His mom wanted him to tie his shoes before he went to kindergarten. She tried to teach him. He tried, and found it extremely impossible. But then, that is nothing new. At three, his mom said, “All of a sudden, I realized, he should be putting on his own socks.” She knew he could handle the loose, stretchy, straight socks he wore, but until then he had happily let her put them on his feet for him.
“I will never forget how hard it was to get him to put on his own socks.”
On a Sunday morning she told him, “I want you to try.”
The very idea of an adult expecting little ol’ him to put on his own socks shocked the lad. “He was screaming and falling all over the place. I had to walk out,” my daughter said. Her husband went in and sat down with their son, but the scene continued.
“He was trying to put his socks on and making a scene. It was such a big ordeal. We had a week of that. I thought, ‘it is socks. It is just socks, Buddy. It is no big deal.’ But it was to him. Of course, he finally got it, as he did pulling on his underwear” accompanied by a similar scene.
Pulling on socks and underwear is one thing. Tying shoes is quite another.
“He figured out about half of the twists, turns and loops to make a tie, but there was so much screaming and gnashing of teeth, it just was not even worth it,” she concluded, and sent him to kindergarten wearing Velcro closing shoes.
At the beginning of this summer she pulled out a large poster board and wrote down a list of tasks, projects and activities she expected to do this summer – including having her 6-year-old and 4-year-old learn to tie their shoes. As the summer waned, she realized they had not even begun to tackle the shoe laces.
“He just needed to conquer the final loops.”
So with school looming, she sat down with her son and said, “Okay, we have this almost done. We are going to focus on tying shoes this week. We will only work on it for 10 minutes. I will set the timer for 10 minutes. If you scream I will add a minute. If I scream, I will subtract a minute.”

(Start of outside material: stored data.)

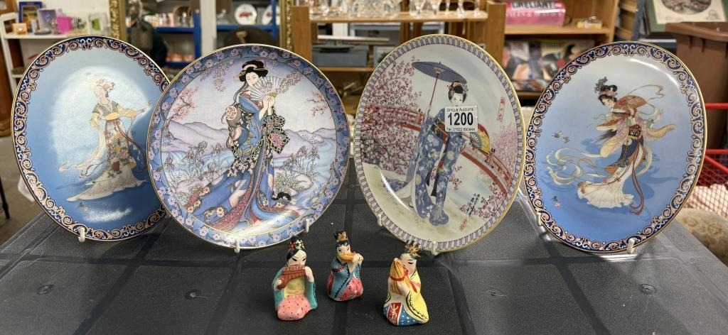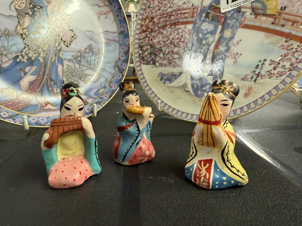 A quantity of Chinese collectors plates featuring Geisha's & a trio of Geisha's playing instruments
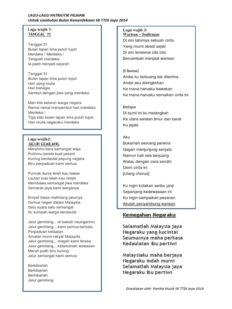 Lirik Lagu Patriotik Malaysia Pdf
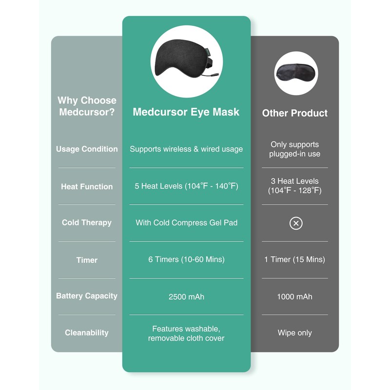 Heated Eye Mask - Medcursor Rechargeable Electric Eye Mask for Dry Eyes, with External Controller, 2500 mAh Large Battery & Washable Cover, Blackout Eye Mask for Sleeping, Skincare, Relax Eye Fatigue

“I showed it to him, and in five minutes he had it. He practiced it five or six times and went downstairs to tell his father, ‘Oh, Dad, it is so easy. Tying your shoes is so easy,’ he said, waving his hand dismissively.
Now that he knows how to tie his shoes, he insists that his four-year-old sister has to learn.

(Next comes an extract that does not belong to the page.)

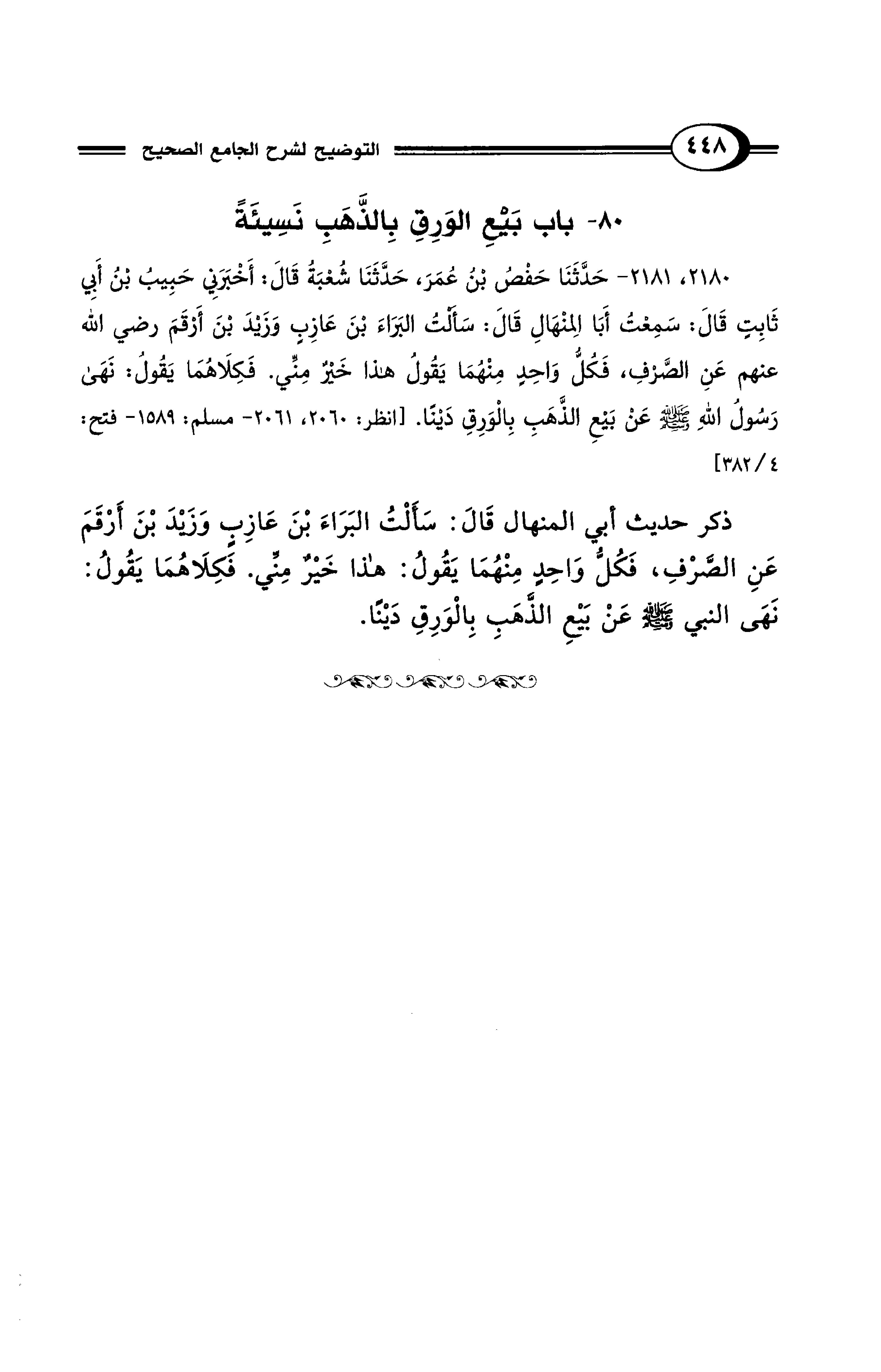 2180 و 2181 - حَدَّثَنَا حَفْصُ بْنُ عُمَرَ، حَدَّثَنَا شُعْبَةُ قَالَ: أَخْبَرَنِي حَبِيبُ بْنُ أَبِي ثَابِتٍ قَالَ: سَمِعْتُ أَبَا المِنْهَالِ قَالَ: سَأَلْتُ البَرَاءَ بْنَ عَازِبٍ وَزَيْدَ بْنَ أَرْقَمَ رضي الله عنهم عَنِ الصَّرْفِ، فَكُلُّ وَاحِدٍ مِنْهُمَا يَقُولُ هَذَا خَيْرٌ مِنِّي. فَكِلاَهُمَا يَقُولُ نَهَى: رَسُولُ اللهِ - صلى الله عليه وسلم - عَنْ بَيْعِ الذَّهَبِ بِالوَرِقِ دَيْنًا. [انظر: 2060، 2061 - مسلم: 1589 - فتح: 4/ 382]

“She can almost do it, just not quite,” his mom said.
After her son insisted several times, she finally took him aside to say, “She does not have to do it right now. You did not know how to do it when you were four.”
He also thinks that because he is going to school and is in first grade, his sister should also be going to school. His mom had to also remind him that he was not in school when he was four.

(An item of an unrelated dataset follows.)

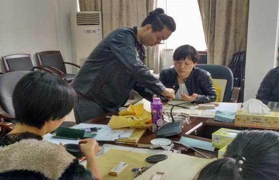 书法班学员们模仿着老师的动作,学习如何用砂纸擦拭砚台,如何磨墨,忙的不亦乐乎。
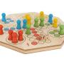 Ett stort spelbräde i trä. Brädet har en diameter på 50 cm och mäter 3 cm på höjden.

However, going to school with this first-grader is a whole new class of kindergartners. Many are like he was last year – they still do not know how to tie their shoes.
One of the little kids came up to him during a recess, “Do you know how to tie shoes?”
“Yes.”
“Would you tie mine?”
“Yes,” so he knelt down tied the child’s shoes for him.
After school one day, as he walked around with his own shoes untied, his mother said, “You know how. Tie your shoes. If they keep coming loose, double knot it.”
He bent down, saying, “I had to double knot it for that kid today.”
“Who?”
“That kid at recess. He asked if I knew how to tie shoes. I said ‘yes.’ I tied it, and I had to double knot it for him.” He said it so matter-of-factly, like it was no big deal he was tying another kid’s shoes when he had himself just learned.
Tying shoes is so easy. Anyone can learn … you just have to take 10 minutes with a timer ready to adjust the minutes for those screams of frustration.